David Kamp (Canterbury) said the original 2015 motion had been a plea for a change in the CNC for the appointment of the Bishop of Dover. He recalled a practical letter from Archbishop Ramsey to his own father, a clergyman, as an example of “an archbishop [who was] practical in the management of his diocese” at a time “when we knew exactly where the decisions were made”. The Bishop of Dover was again an appointment of the Archbishop. He suggested: “Make the Bishop of Dover as close as possible to a diocesan bishop”.

Jayne Ozanne (Oxford) also resisted the motion. “We need a primate for all of England – all of us,” she said. One of the reasons we were ‘paralyzed’ on issues such as gender identity was that ‘our own Archbishop had to keep tabs on the Anglican Communion. Others have made progress; we remain in a quagmire. She suggested what was needed was “a brand new boat, not a refit of the deckchairs”. There were also sensitivities to recognize, she said. Many members of the Communion might be in communion not so much with the Archbishop of Canterbury as with the Queen.

Reverend Jake Madin (York) supported the general aims of the consultation, but pointed out that a two-thirds majority was difficult to obtain from a membership of 17; the figure needed to be redesigned. He also thought about where those representatives would be chosen: “based on geography” was not representative of where most lived.

Canon Bruce Bryant-Scott (Europe) declared himself born and raised in Canada. The original proposal appeared to be primarily for the Bishop of Dover, he said; therefore: “Are we trying to solve a problem that does not exist? Is it deeply colonial? The Archbishop of Canterbury is first among equals, but that’s because none of us can come up with a viable alternative. Should it, he asked, be a case of “a non-British citizen telling the C of E that it must be a decision made by English people”?
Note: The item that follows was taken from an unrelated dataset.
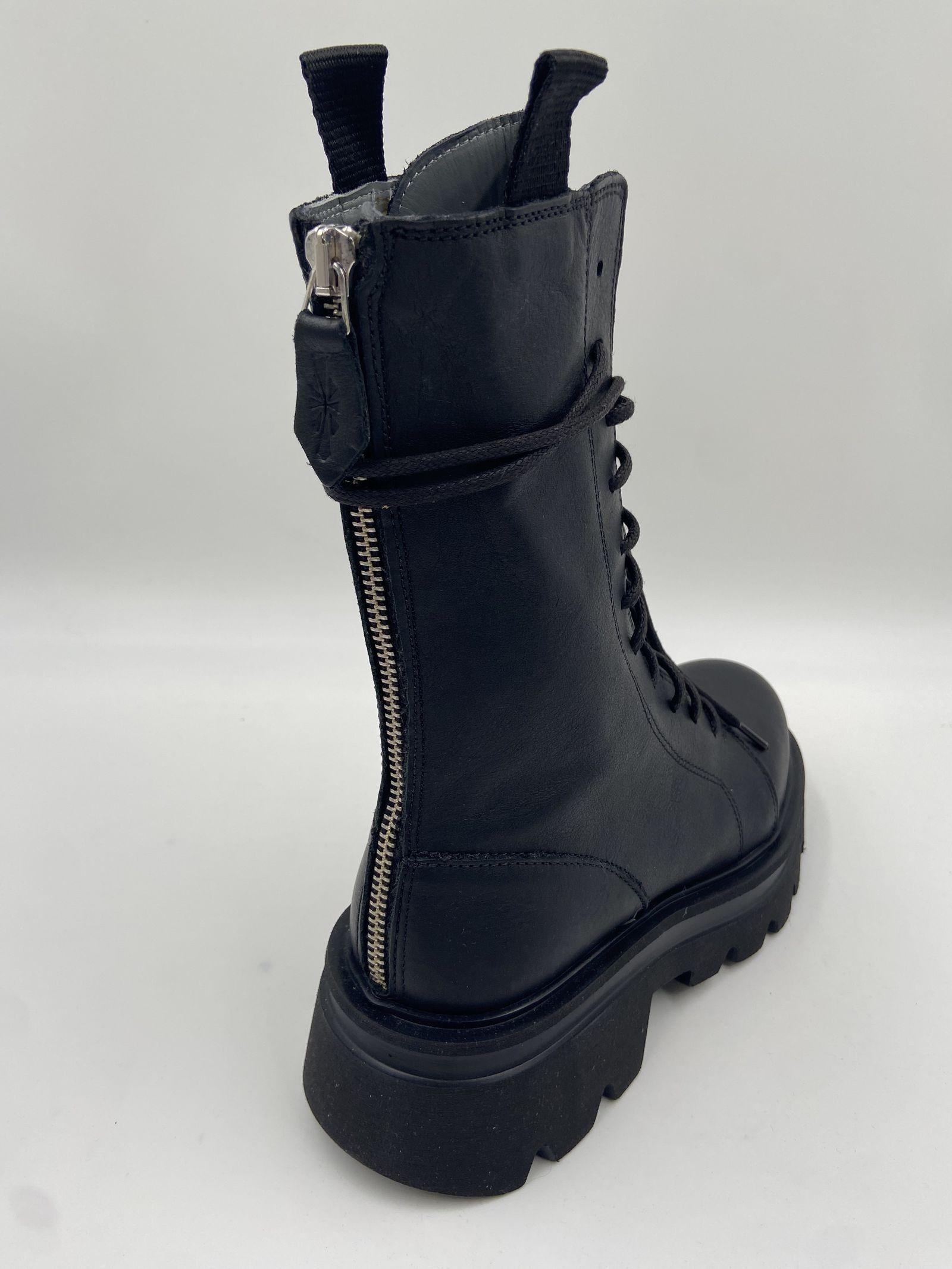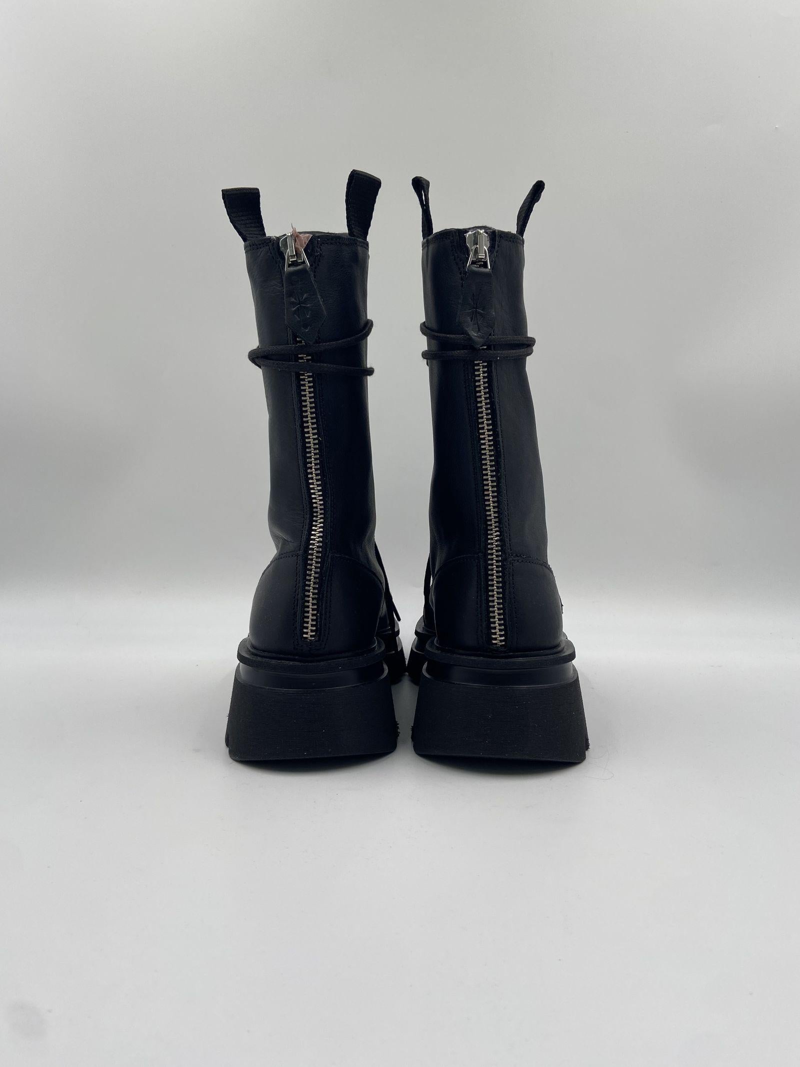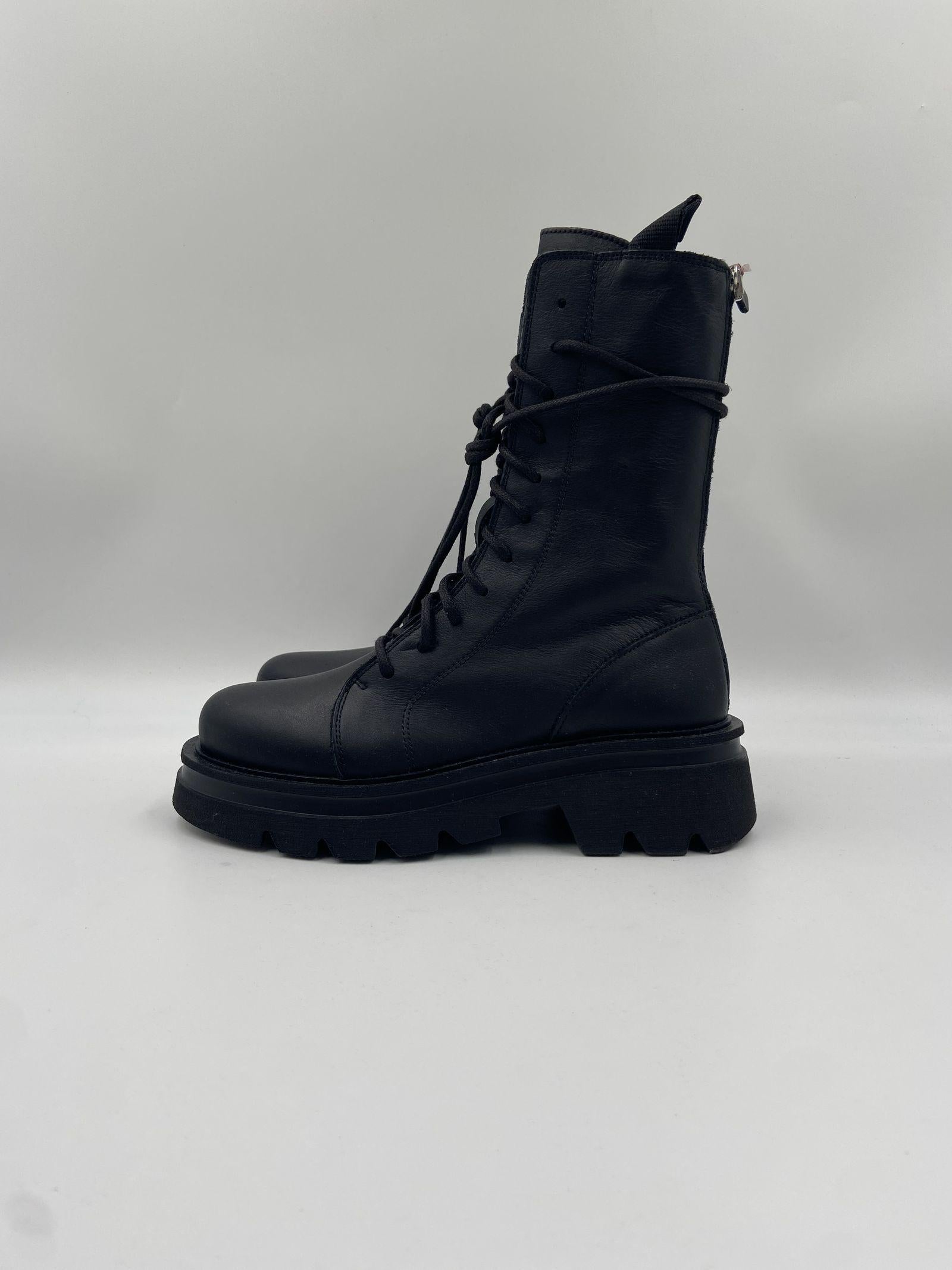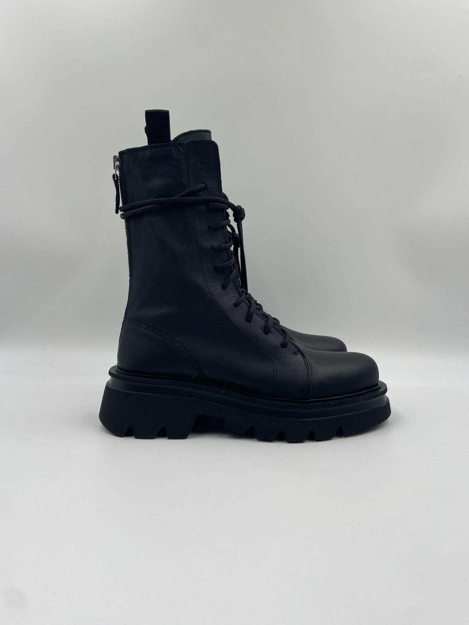 I combat boots Scorpio sono anfibi allacciati realizzati in morbida pelle nera, pensati per chi desidera un look audace ma raffinato. Con una silhouette che si eleva sopra la caviglia, questi stivaletti si distinguono per la loro linea pulita e minimal, in perfetto equilibrio tra grinta e stile chic. Dotati di zip posteriore e pratici tiranti laterali, garantiscono una calzata comoda e veloce, mentre la suola Noriko in gomma dentellata offre stabilità e comfort in ogni situazione. Laltezza del tacco di 45 mm, il platform di 25 mm e la battuta di 15 mm assicurano slancio e sostegno senza rinunciare alla comodità. La punta rotonda e linterno in pelle completano il design con un tocco di eleganza essenziale.

The first Church property commissioner, Alan Smith, told the Synod of his upbringing in Barbados. His great-great-grandfather had been born a slave, but had built Anglican churches, and was therefore one of only five people in Barbados to have a headstone there, as Anglicans did not bury people of African ancestry. “The Lord has a sense of humor,” he said.

The Anglican Church was there, “possessing plantations where people were property. Here we are today talking about giving 25% of the vote to 75% of our community. The question was not, “Are you an Anglican?” Are you from the Church of England? but “Are we brothers and sisters in the global community?” »

Dr Jamie Harrison (Durham) stepped in to remind the synod that the risk of not voting to take notice would mean the matter would lapse.

Jane Patterson (Sheffield) suggested it was a good time for consultation as there were no vacancies. She supports the principle of rethinking the composition of the CNC, but wants clarification. Questions could be included on the needs of the Communion, Canterbury See and other English Sees, to ensure equal representation of the Diocese, National Church and Communion. “It would send a signal that we intend to act. Start the conversation about the needs of Kent, England and around the world.

Gavin Drake (Southwell & Nottingham) has declared an interest as director of communications for the Anglican Communion; therefore, he will abstain in the vote. “We may not like the colonial part of our history. . . but the Archbishop of Canterbury has clout and congratulations that other bishops don’t have,” he said.

The motion to take note was passed on a vote by the Chambers: Bishops 26 nem. con., with one abstention recorded; Clergy 102-27, with 13 abstentions recorded; Laity 112-43, with 12 abstentions recorded.

The consultation is open until March 31.